* **What you are asked to do**
For this exercise, retype all the data exactly and exclude every image.

* **Dataset content**
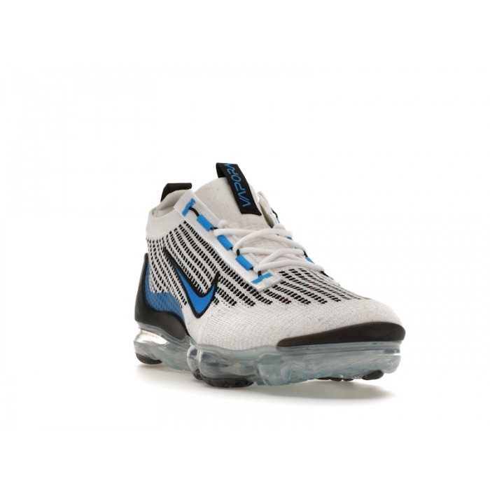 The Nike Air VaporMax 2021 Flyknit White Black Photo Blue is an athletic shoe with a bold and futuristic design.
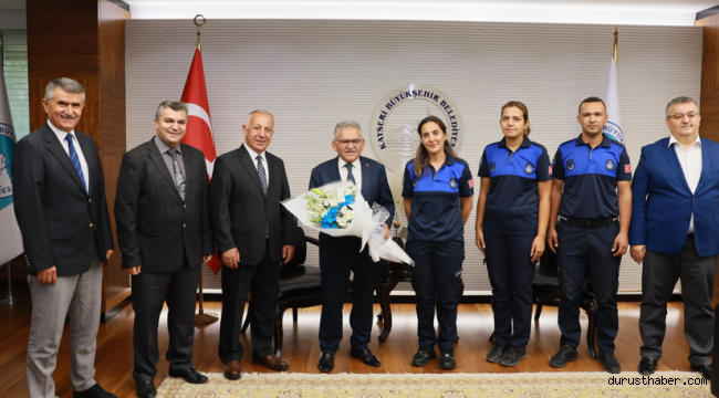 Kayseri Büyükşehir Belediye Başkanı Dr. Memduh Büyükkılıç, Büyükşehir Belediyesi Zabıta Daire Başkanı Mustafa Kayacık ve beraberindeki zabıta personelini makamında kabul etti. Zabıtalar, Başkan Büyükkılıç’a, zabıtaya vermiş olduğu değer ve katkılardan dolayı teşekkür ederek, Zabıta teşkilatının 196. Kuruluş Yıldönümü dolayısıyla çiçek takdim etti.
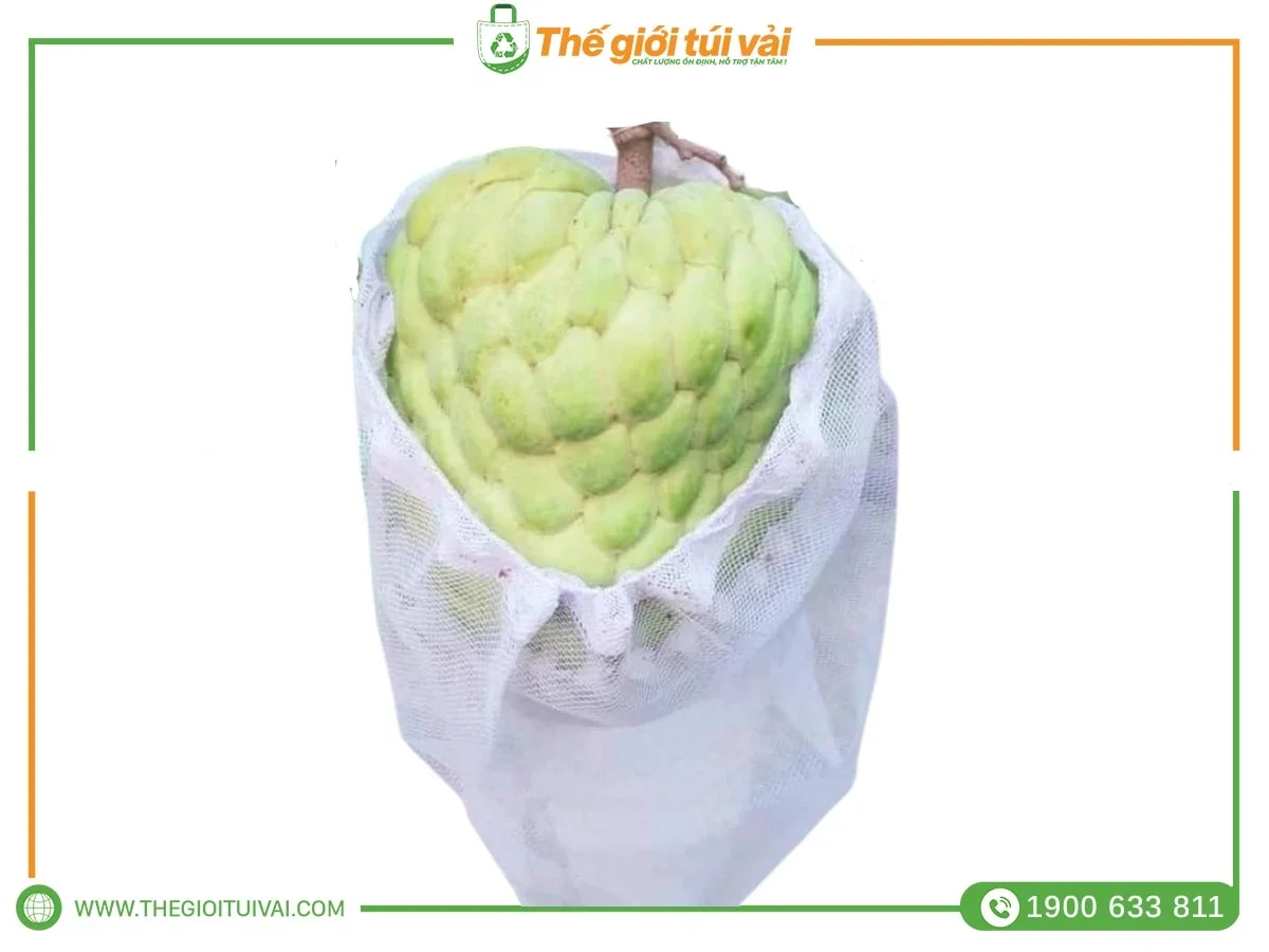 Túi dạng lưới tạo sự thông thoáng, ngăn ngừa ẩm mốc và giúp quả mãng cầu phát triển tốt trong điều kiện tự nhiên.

* **Problem solution**
 The Nike Air VaporMax 2021 Flyknit White Black Photo Blue is an athletic shoe with a bold and futuristic design.
 Kayseri Büyükşehir Belediye Başkanı Dr. Memduh Büyükkılıç, Büyükşehir Belediyesi Zabıta Daire Başkanı Mustafa Kayacık ve beraberindeki zabıta personelini makamında kabul etti. Zabıtalar, Başkan Büyükkılıç’a, zabıtaya vermiş olduğu değer ve katkılardan dolayı teşekkür ederek, Zabıta teşkilatının 196. Kuruluş Yıldönümü dolayısıyla çiçek takdim etti.
 Túi dạng lưới tạo sự thông thoáng, ngăn ngừa ẩm mốc và giúp quả mãng cầu phát triển tốt trong điều kiện tự nhiên.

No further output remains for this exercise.